No. 35, 51, 54, 61, 65
- Position: Linebacker

Personal information
- Born: January 31, 1946 (age 80) Dublin, Ireland
- Listed height: 6 ft 1 in (1.85 m)
- Listed weight: 232 lb (105 kg)

Career information
- High school: Bishop Amat Memorial (La Puente, California, U.S.)
- College: USC (1964-1967)
- NFL draft: 1968: 3rd round, 68th overall pick

Career history

Playing
- Philadelphia Eagles (1968–1972); Detroit Lions (1972); Chicago Bears (1973); The Hawaiians (1974–1975);

Coaching
- The Hawaiians (1975) Linebackers coach;

Awards and highlights
- Consensus All-American (1967); Second-team All-American (1966); 2× First-team All-Pac-8 (1966, 1967);

Career NFL statistics
- Fumble recoveries: 4
- Interceptions: 3
- Stats at Pro Football Reference

= Adrian Young (American football) =

American football player (born 1946)

Matthew Adrian Young Jr. (born January 31, 1946) is a former American football linebacker who played six seasons in the National Football League (NFL).

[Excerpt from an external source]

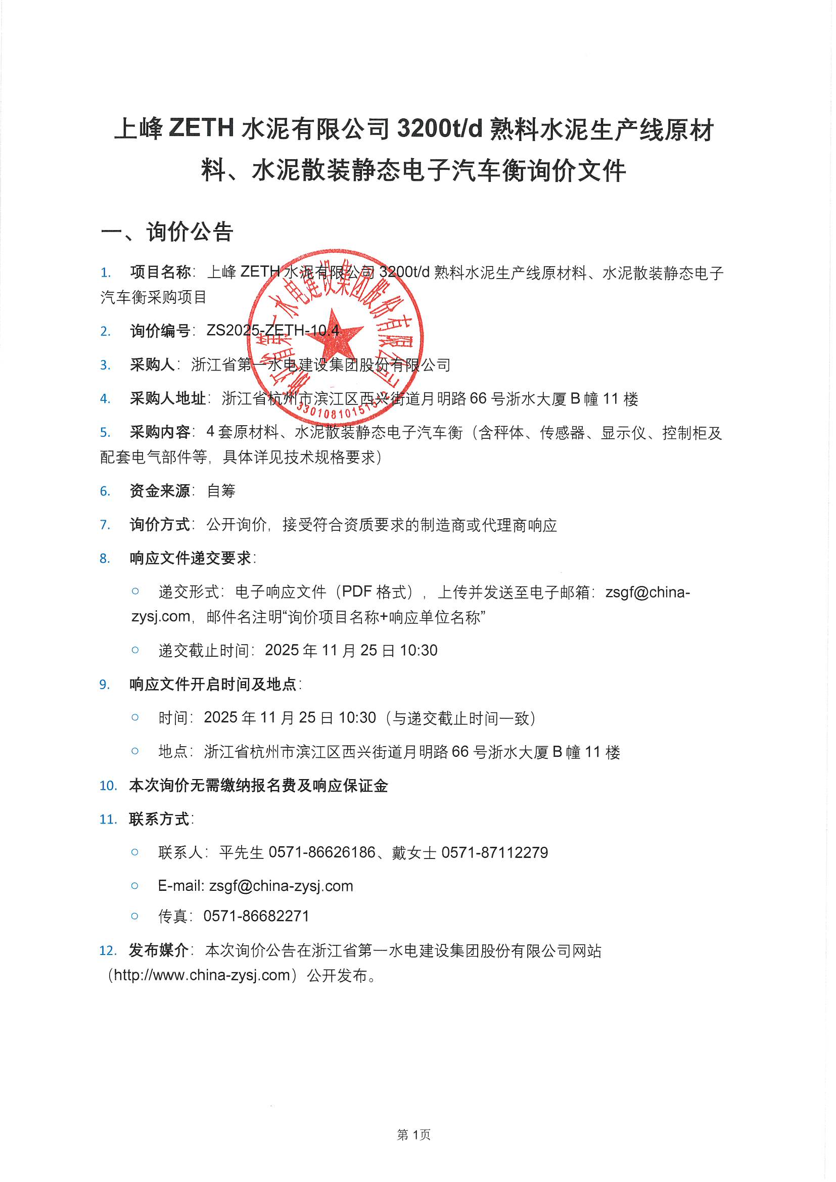 上峰ZETH水泥有限公司3200t/d熟料水泥生產(chǎn)線原材料、水泥散裝靜態(tài)電子汽車衡詢價公告
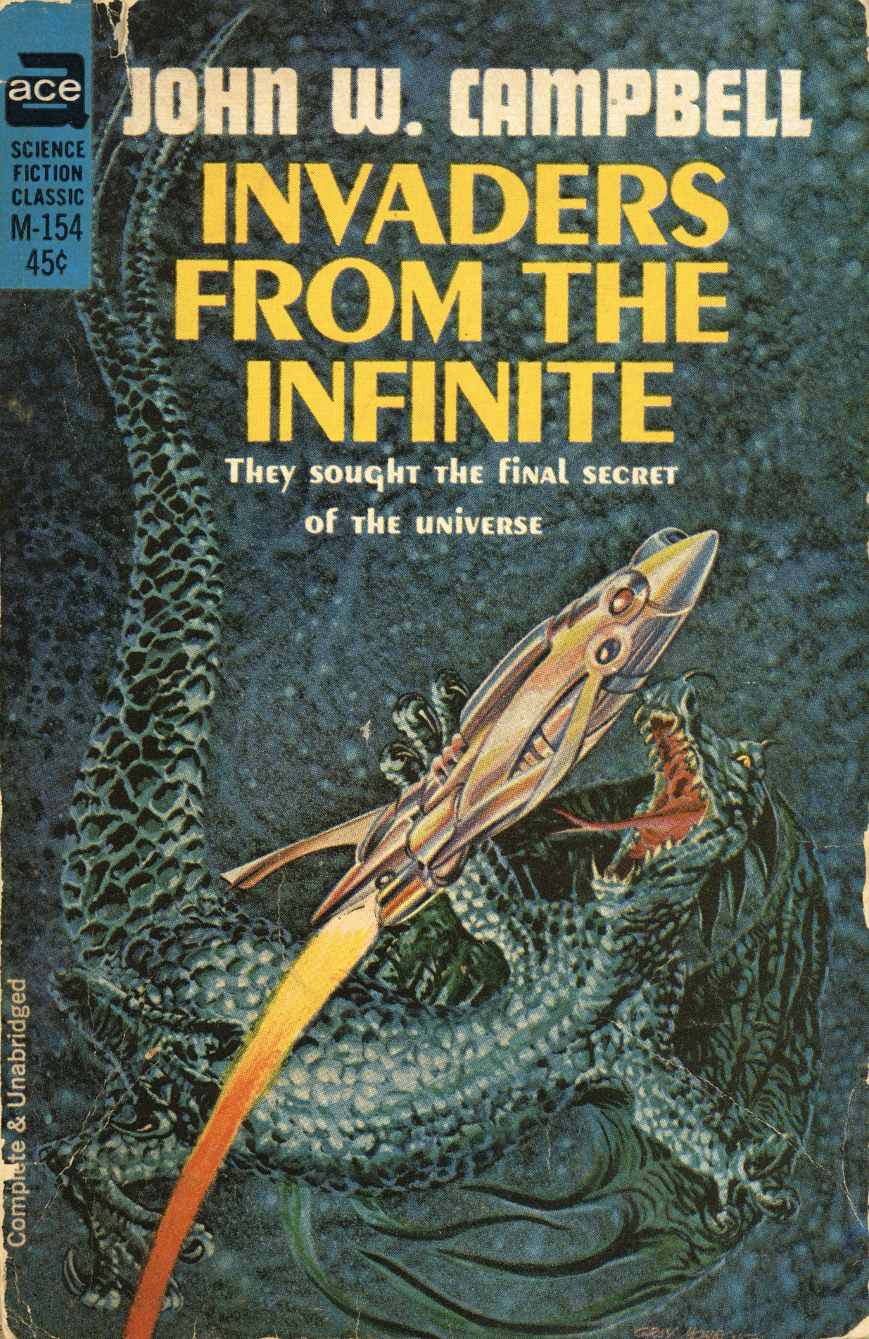 This paperback edition of Invaders from the Infinite was published as Ace Science Fiction Classic M-154 about 1966, with cover art by Gray Morrow. John W. Campbell’s science fiction novel was first published by Gnome Press and Fantasy Press in 1961.

Young played college football for the University of Southern California (USC), and earned All-American honors. The Philadelphia Eagles chose him in the third round of the 1968 NFL/AFL draft, and he played professionally for the Eagles, Detroit Lions and Chicago Bears.

==Early life==
Young was born in Dublin, Ireland. He attended Bishop Amat Memorial High School in La Puente, California, and played high school football for the Amat Lancers.

==College career==
Young enrolled in the University of Southern California, where he played for the USC Trojans football team from 1965 to 1967.
Following his 1967 senior season, he was recognized as a consensus first-team All-American.

==Professional career==
He was drafted by the Philadelphia Eagles in the third round, 68th overall pick, of the 1968 NFL Draft. He played for the Eagles for five seasons from 1968 to 1972. He played part of the 1972 NFL season for the Detroit Lions, and played his last NFL season for the Chicago Bears in 1973. During his six NFL seasons, he appeared in 52 regular season games, and started 24 of them.

He was also a member of The Hawaiians of the World Football League (WFL) in 1974.